Grandmas have all the fun

I’ve been contemplating what makes being a grandmother so great.

It’s the club you hear about for years, and you see the members — they’re really friendly — too friendly, really, and they want you to join. They tell you it’s THE BEST THING EVER. Still, we potential members have had kids, and while they were great off and on, there were some offs.

I remember being, according to my sons, the only mother who — fill in the blank — made them wear a bicycle helmet, wouldn’t let them say certain words, embarrassed them to death.

There were moments when they liked me, and I liked them a lot, most of the time. I loved them all the time, but it was a constant worry about whether I was doing it right. Was I too hard? Too permissive? Every time their friends came over, I gave out candy like it was Halloween. I let my then-16-year-old

go to Austria by himself. I let my younger son play lots of video games. I grounded one son from a special karate class when he smarted off one more time after I warned him, and then I had to watch him suffer. Like the saying goes, it hurt me worse than it hurt him, I’ll bet. I still think about it — does he?

Then my older son met a wonderful girl, and the members of the club got excited. Just wait! Being a grandmother is so much fun!

We got the news on Labor Day (how perfect) that a baby was coming in May, and I started my initiation. I even got presents, like the book, “Funny, You Don’t Look Like a Grandmother.”

Oh, and when Kennedy Renette Keith finally came, it was amazing! First, you have to wrap your head around the fact that your baby had a baby.

My son, holding his just-minutes-old baby, called me through the window of the nursery, tears in his eyes. “She looks like us,” he said, meaning our side of the family.

I’d already picked out my grandmother name, Mimi. (Yes, I have seen the funny Facebook video where the Southern women go pick out their grandmother names like choosing a piece of jewelry.) My brother, who is seven years younger than I am, called me Mimi for a few months when he couldn’t say Tammy.

This was a beautiful, big baby

(8 pounds, 10 ounces). She had hair (hallelujah!), although not as much as her daddy did at birth.

I bonded with her immediately.
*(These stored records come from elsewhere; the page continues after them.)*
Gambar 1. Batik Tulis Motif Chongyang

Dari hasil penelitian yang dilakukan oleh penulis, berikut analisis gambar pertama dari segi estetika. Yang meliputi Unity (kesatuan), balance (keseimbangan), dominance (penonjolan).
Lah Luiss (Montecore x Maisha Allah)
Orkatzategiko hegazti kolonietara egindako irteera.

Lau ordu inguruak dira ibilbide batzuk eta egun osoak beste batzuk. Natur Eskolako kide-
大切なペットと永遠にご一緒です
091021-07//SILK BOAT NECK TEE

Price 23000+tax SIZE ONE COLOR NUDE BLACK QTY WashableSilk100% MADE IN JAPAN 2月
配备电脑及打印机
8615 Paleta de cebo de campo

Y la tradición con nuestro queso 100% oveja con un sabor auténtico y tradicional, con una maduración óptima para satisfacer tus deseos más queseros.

I could hardly tear myself away. Everything she did was amazing and was the smartest, cutest way a baby had every reacted in the history of the world.
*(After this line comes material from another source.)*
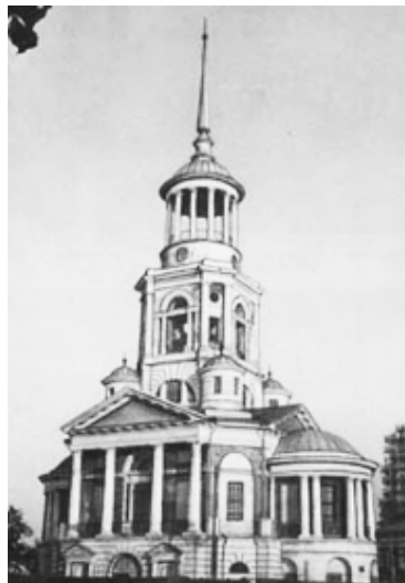
Рисунок 2. Церковь Спаса Нерукотворного [15]

Yes, I was passing the grandmother test with flying colors. Bragging nonstop? Check. Lots of photos to show to anyone at a second’s notice? Check.
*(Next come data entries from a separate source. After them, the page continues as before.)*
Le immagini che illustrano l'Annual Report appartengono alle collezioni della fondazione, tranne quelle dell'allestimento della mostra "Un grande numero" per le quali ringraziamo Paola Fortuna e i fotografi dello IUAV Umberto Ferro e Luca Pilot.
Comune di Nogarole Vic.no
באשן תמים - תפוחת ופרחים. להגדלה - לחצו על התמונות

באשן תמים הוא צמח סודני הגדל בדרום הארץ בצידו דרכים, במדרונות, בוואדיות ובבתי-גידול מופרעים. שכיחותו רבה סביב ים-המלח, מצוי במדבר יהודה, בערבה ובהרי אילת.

She is the joy of my and my husband’s life. She has beautiful blue eyes and curly hair, like her mother’s. And those kissable, chubby cheeks! She often has a serious countenance, like her daddy when he was a baby.

She loves puzzles, books, books and more books, music, her dog and cat (any dog or cat), her WubbaNubs (pacifiers with stuffed animals attached) and being outside. She loves playing in the water, and she likes to drink her bath water, no matter how much we try to stop it. When she drinks from a cup, she says, “Aaaah” afterward, just like Mimi. She loves to eat — anything from guacamole to Indian food. She did not inherit her refined palate from her daddy. She is in the 99 percentile for height. She did inherit that from her daddy.

She loves to rock, and she even seems to like her Mimi’s not-so-great singing of “Wheels on the Bus” and “Jesus Loves Me.” Her Pop’s silly dancing makes her laugh.

She can howl like an ASU Red Wolf and quack like a duck (one of her first words), among a litany of animal sounds. She says thank-you often, and she blows kisses and waves to every car or jogger who goes by the house. She likes to destroy the kitchen by taking every single item out of one particular kitchen drawer and cabinet, and we let her. Of course we do.

That’s what I realized. We enjoy just watching her. I do not worry about cleaning my house or getting a thing done when I’m with her. We do not have to worry whether to let her go to Austria, what age she can date, how much candy she can have or at what age to let her get her ears pierced. The weight of her raising is not on us. That’s a relief. We just have the fun.

We are the fun.

And that’s why being a grandmother is the best ever. Until I’m a great-grandmother.